**The input**

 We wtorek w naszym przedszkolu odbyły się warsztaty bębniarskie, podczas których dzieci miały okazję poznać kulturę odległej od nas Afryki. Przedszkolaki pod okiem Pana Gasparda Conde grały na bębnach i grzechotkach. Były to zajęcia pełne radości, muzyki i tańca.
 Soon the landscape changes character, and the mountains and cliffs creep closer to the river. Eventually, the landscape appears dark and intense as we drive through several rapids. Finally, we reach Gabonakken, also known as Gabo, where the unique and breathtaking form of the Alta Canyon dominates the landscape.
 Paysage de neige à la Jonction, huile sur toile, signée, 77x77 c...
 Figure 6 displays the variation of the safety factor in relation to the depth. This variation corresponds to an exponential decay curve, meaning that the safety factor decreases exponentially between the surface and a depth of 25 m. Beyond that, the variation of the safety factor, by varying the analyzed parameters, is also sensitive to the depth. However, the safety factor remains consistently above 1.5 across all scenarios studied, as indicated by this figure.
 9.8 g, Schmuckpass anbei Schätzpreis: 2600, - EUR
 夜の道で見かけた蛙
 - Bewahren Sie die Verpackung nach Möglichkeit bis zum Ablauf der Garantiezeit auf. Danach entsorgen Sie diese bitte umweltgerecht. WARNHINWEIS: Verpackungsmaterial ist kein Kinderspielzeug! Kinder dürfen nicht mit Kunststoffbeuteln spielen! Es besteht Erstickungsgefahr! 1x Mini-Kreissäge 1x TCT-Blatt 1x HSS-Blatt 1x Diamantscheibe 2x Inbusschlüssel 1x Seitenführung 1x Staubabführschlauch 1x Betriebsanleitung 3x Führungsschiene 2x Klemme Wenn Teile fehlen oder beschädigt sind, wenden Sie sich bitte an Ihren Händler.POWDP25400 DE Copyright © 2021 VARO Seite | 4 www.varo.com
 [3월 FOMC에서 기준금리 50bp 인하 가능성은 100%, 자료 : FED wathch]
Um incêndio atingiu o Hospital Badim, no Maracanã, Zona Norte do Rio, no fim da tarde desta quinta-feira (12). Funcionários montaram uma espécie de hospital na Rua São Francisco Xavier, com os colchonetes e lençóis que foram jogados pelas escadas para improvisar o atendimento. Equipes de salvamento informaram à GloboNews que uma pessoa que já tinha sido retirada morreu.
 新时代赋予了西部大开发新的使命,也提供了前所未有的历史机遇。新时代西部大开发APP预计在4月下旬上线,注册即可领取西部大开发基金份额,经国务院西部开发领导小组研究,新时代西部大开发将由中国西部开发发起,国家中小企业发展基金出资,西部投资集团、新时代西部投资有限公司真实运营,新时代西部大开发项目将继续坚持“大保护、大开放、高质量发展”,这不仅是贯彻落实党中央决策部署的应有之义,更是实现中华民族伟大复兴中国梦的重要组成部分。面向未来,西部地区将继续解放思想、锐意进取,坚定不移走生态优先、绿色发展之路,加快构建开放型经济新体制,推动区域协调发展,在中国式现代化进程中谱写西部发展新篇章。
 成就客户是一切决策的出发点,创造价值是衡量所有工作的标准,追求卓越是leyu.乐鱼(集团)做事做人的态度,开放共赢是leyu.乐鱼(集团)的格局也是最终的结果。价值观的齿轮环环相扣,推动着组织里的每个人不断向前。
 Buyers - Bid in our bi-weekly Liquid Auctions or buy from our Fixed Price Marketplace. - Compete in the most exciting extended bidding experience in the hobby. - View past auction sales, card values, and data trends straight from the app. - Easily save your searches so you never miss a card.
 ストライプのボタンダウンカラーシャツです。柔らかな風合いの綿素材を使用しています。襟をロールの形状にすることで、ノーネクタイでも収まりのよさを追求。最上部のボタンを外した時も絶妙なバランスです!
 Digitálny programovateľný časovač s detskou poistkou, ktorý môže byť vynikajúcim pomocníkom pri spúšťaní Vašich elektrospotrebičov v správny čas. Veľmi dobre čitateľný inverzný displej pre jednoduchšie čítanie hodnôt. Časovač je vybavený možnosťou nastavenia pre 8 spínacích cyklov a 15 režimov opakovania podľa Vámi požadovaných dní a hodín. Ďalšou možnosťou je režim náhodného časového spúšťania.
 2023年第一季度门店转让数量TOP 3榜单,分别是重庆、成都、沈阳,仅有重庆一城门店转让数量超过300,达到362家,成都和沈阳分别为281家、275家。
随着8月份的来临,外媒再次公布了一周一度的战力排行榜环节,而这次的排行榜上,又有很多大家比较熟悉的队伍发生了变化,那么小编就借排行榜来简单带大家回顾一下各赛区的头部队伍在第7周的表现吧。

**What you are asked to do**
Retype the records above from the very first line down to the line with "[3월 FOMC에서 기준금리", keeping both of those lines. Include nothing beyond them.

**Solution to this task**
 We wtorek w naszym przedszkolu odbyły się warsztaty bębniarskie, podczas których dzieci miały okazję poznać kulturę odległej od nas Afryki. Przedszkolaki pod okiem Pana Gasparda Conde grały na bębnach i grzechotkach. Były to zajęcia pełne radości, muzyki i tańca.
 Soon the landscape changes character, and the mountains and cliffs creep closer to the river. Eventually, the landscape appears dark and intense as we drive through several rapids. Finally, we reach Gabonakken, also known as Gabo, where the unique and breathtaking form of the Alta Canyon dominates the landscape.
 Paysage de neige à la Jonction, huile sur toile, signée, 77x77 c...
 Figure 6 displays the variation of the safety factor in relation to the depth. This variation corresponds to an exponential decay curve, meaning that the safety factor decreases exponentially between the surface and a depth of 25 m. Beyond that, the variation of the safety factor, by varying the analyzed parameters, is also sensitive to the depth. However, the safety factor remains consistently above 1.5 across all scenarios studied, as indicated by this figure.
 9.8 g, Schmuckpass anbei Schätzpreis: 2600, - EUR
 夜の道で見かけた蛙
 - Bewahren Sie die Verpackung nach Möglichkeit bis zum Ablauf der Garantiezeit auf. Danach entsorgen Sie diese bitte umweltgerecht. WARNHINWEIS: Verpackungsmaterial ist kein Kinderspielzeug! Kinder dürfen nicht mit Kunststoffbeuteln spielen! Es besteht Erstickungsgefahr! 1x Mini-Kreissäge 1x TCT-Blatt 1x HSS-Blatt 1x Diamantscheibe 2x Inbusschlüssel 1x Seitenführung 1x Staubabführschlauch 1x Betriebsanleitung 3x Führungsschiene 2x Klemme Wenn Teile fehlen oder beschädigt sind, wenden Sie sich bitte an Ihren Händler.POWDP25400 DE Copyright © 2021 VARO Seite | 4 www.varo.com
 [3월 FOMC에서 기준금리 50bp 인하 가능성은 100%, 자료 : FED wathch]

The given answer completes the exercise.